Le précipice pour les nuls



Chapitre 1 : Introduction à la Catastrophe


Ce matin, comme chaque matin, le monde s’est levé du pied gauche. On l’a entendu craquer, juste à la jonction tectonique entre l’éthique et le bon sens.


Les journaux titraient en chœur :


« Le précipice se rapproche, mais avec pédagogie. »


Sur les plateaux télé, on s'interrogeait :

– Faut-il sauter avant que ça s’effondre, ou attendre que le sol disparaisse sous nos pieds ?

– Faut-il privatiser le précipice pour une meilleure gestion de la chute libre ?


Un expert en géopolitique, lunettes carrées et mèche bien mise, affirmait :

– Le précipice est une opportunité. Il faut l’aborder avec ambition.


Chapitre 2 : Le manuel


Un petit livre jaune faisait fureur dans les librairies :

« Le Précipice pour les Nuls », par le professeur Z. Z , était docteur en tout et spécialiste de rien. Il avait compris une chose : si l’on ne peut pas éviter la fin, on peut au moins la commenter avec style.

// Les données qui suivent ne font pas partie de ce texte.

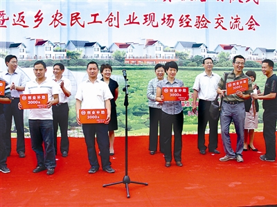 向创业者代表发放创业援助金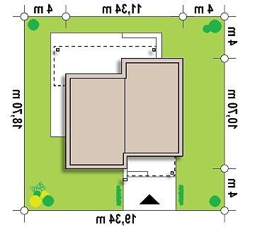 - Min. wymiary działki 18.70x19.34 m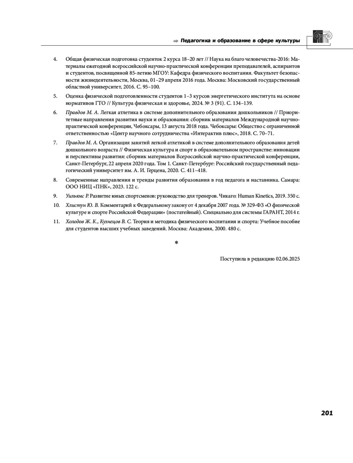 7. Правдов М. А. Организация занятий легкой атлетикой в системе дополнительного образования детей дошкольного возраста // Физическая культура и спорт в образовательном пространстве: инновации и перспективы развития: сборник материалов Всероссийской научно-практической конференции, Санкт-Петербург, 22 апреля 2020 года. Том 1. Санкт-Петербург: Российский государственный педагогический университет им. А. И. Герцена, 2020. С. 411-418. EDN: KGGPMM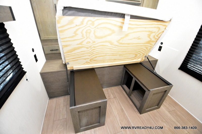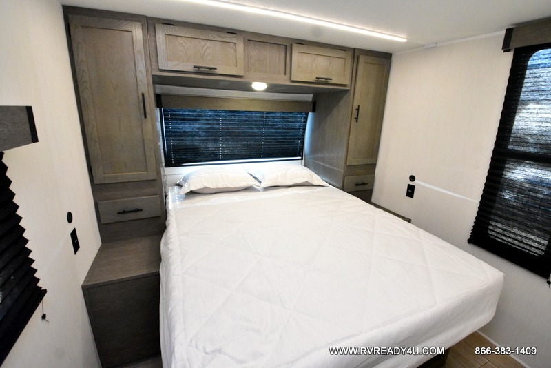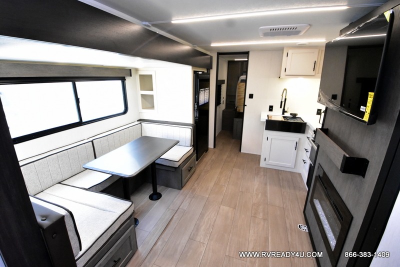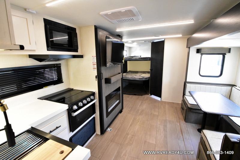 Make your dream of adventure a reality! This incredible travel trailer is perfect for creating lifelong memories with family and friends. The fun begins with the removable and stackable double-size bunk beds, ideal for kids or adults alike. The full bathroom provides convenience and comfort, making it easy to get ready for a day of exploration. The U-shaped dinette is a cozy spot for meals or relaxation while enjoying the amazing entertainment center. Plus, the kitchen area is equipped with a refrigerator, pantry storage, and microwave, making it easy to enjoy your favorite snacks and meals on the go. The 12V refrigerator keeps your food and drinks fresh, and the overhead cabinet provides additional storage for cookware and dishes.The front bedroom features a spacious queen bed, convenient nightstands, a stylish wardrobe, and overhead cabinets for storing your belongings and keeping everything organized.

Extrait du chapitre 4 : Les différentes postures en cas de chute :


Le Fataliste : se jette volontairement, en criant « Je l’avais dit ! »

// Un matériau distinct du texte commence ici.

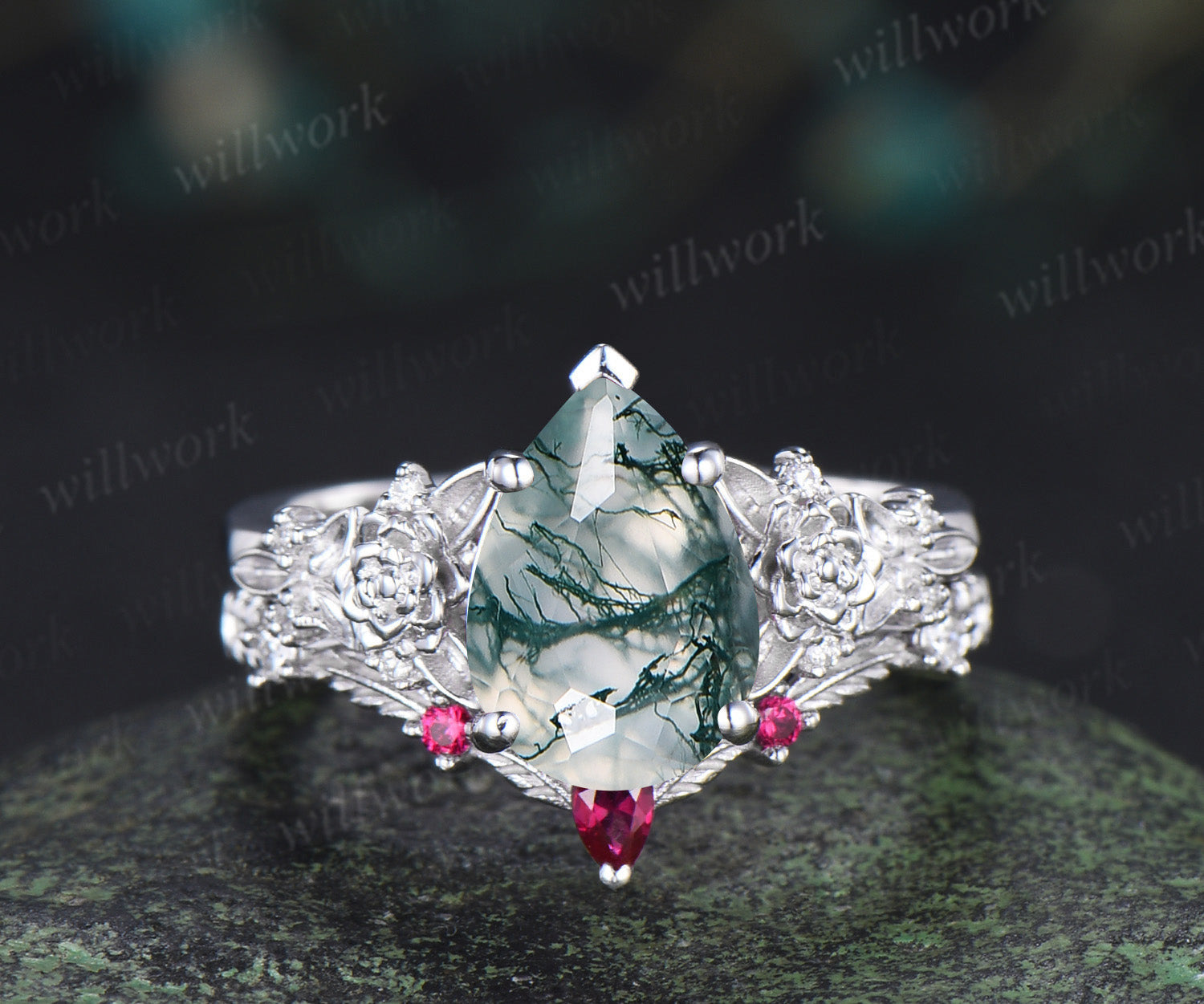 Succulent inspired pear moss agate engagement ring set moissanites rubies leaf wedding ring bridal set

Le Technocrate : propose de créer un comité de pilotage de la descente.


L’Idéaliste : espère que la gravité changera d’avis à mi-parcours.


Le Capitaliste : vend des parachutes percés à prix d’or.



Chapitre 3 : La conférence


Ce matin-là, une grande conférence internationale s’ouvrait à Davo-Ouf, ville suisse spécialisée dans le déni de l’effondrement. Thème de l’année :


 « Construire des ponts au bord du gouffre. »




Tous les pays étaient là. Sauf ceux qui avaient déjà glissé.


Le Président de la Démocratie Démocratique de l’Est Occidental prit la parole :

– Nous croyons fermement que l’avenir se trouve derrière nous.

Applaudissements polis.


Le Ministre des Armées Atomiques ajouta :

– Nous avons des missiles à tête éthique. Ils explosent uniquement sur les régimes moralement ambigus.

Standing ovation.


Pendant ce temps, la salle vibrante de PowerPoint ignorait l’étrange grondement sous le plancher.


Chapitre 4 : L’oubli


L’histoire, paraît-il, enseigne des leçons.


Mais comme l’humanité a la concentration d’un poisson rouge sous anxiolytiques, elle oublie chaque guerre dès qu’on sort une nouvelle saison de télé-réalité géopolitique :


« Love & Missiles : l’émission où des dirigeants célibataires choisissent leur prochain conflit. »




Le public vote. Le perdant déclenche un embargo humanitaire.

Émotion garantie.


Chapitre 5 : La solution


À 18h12, l’ONU proposa une résolution pour interdire la gravité.

La Chine s’abstint.

Les États-Unis demandèrent une clause dérogatoire pour les avions de chasse.

Le Vatican suggéra une prière facultative en cas de chute libre.


Chapitre 6 : Épilogue


À 18h13, la Terre éternua.


On ne sait plus très bien ce qui s’est passé après. Peut-être un bruit sourd, un glissement, un « plop » ridicule. On raconte que le professeur Z a laissé une dernière annotation dans son livre, écrite au crayon sur la page de garde :


« Le précipice n’est pas au bord du monde. C’est le monde qui est au bord du précipice. »




Mais à ce moment-là, plus personne ne savait lire.